Impacted file tree graph

@@            Coverage Diff             @@
##           master     #517      +/-   ##
==========================================
+ Coverage   76.23%   76.38%   +0.14%     
==========================================
  Files          58       59       +1     
  Lines        6165     6221      +56     
==========================================
+ Hits         4700     4752      +52     
- Misses       1465     1469       +4
Impacted Files Coverage Δ
resource/policies/dfu_match_policy_factory.cpp 100% <100%> (+28.57%) ⬆️
resource/utilities/resource-query.cpp 50.27% <100%> (+0.56%) ⬆️
resource/policies/dfu_match_policy_factory.hpp 100% <100%> (ø) ⬆️
resource/modules/resource_match.cpp 75.72% <100%> (+0.05%) ⬆️
resource/policies/dfu_match_var_aware.cpp 84% <84%> (ø)
resource/libjobspec/jobspec.cpp 85.6% <0%> (-1.14%) ⬇️
resource/policies/dfu_match_locality.cpp 4.54% <0%> (+4.54%) ⬆️

Continue to review full report at Codecov.

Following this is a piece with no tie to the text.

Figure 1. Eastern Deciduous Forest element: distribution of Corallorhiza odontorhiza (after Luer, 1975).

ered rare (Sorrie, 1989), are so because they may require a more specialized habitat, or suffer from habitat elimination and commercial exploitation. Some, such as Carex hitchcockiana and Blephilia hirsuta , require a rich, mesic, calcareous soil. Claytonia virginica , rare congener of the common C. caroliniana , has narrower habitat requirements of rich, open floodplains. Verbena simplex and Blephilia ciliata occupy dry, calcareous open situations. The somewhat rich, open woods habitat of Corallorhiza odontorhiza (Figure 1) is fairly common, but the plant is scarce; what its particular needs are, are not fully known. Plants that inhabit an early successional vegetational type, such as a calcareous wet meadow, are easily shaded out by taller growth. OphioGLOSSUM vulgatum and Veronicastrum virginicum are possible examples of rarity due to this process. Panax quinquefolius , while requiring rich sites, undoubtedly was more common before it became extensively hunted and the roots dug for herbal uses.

Legend - Click here to learn more
Δ = absolute <relative> (impact), ø = not affected, ? = missing data
Powered by Codecov. Last update 64de044...8014d6f. Read the comment docs.

@dongahn

This comment has been minimized.

Copy link
Contributor

dongahn commented Sep 20, 2019

Thanks @tpatki!

I took a brief look at this looking at where your changes are inserted and and structures etc. This seems like a great start.

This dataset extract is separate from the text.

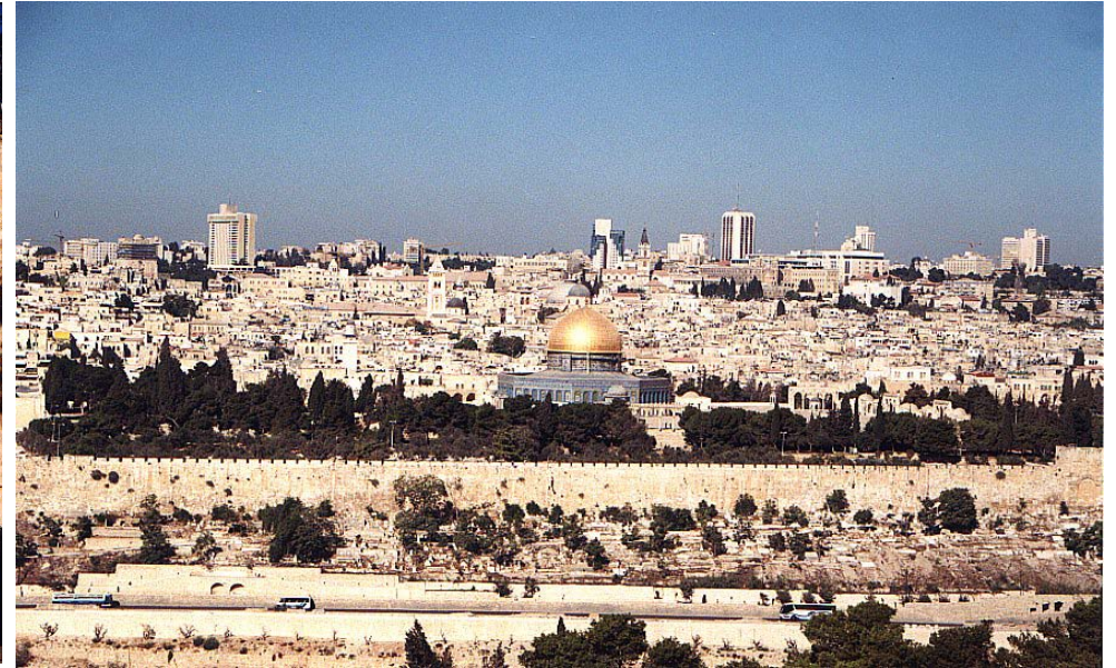
Temple Mount from the Mount of Olives

The only initial feedback is: at least for user visible names like the option argument for --match-policy of resource-query, I prefer variation instead of var_aware.

@dongahn

This comment has been minimized.

Copy link
Contributor

dongahn commented Sep 20, 2019

Also, now that I merged your set-/get-property support you can safely rebase.

@tpatki

This comment has been minimized.

Copy link
Member Author

tpatki commented Sep 20, 2019

Thanks @dongahn for the early feedback. I need to add more tests for (1) missing property values, (2) erroneous inputs where stoi fails, etc. I will change the name to variation instead of var_aware.

I also have the example from quartz that we had tested earlier, it has variation data on 2417 nodes with 5 performance classes and ~200 jobs from quartz queue. I also have a helper script that plots graphs and compares the lowest ID first, highest ID first and variation-aware algorithms for figure of merit.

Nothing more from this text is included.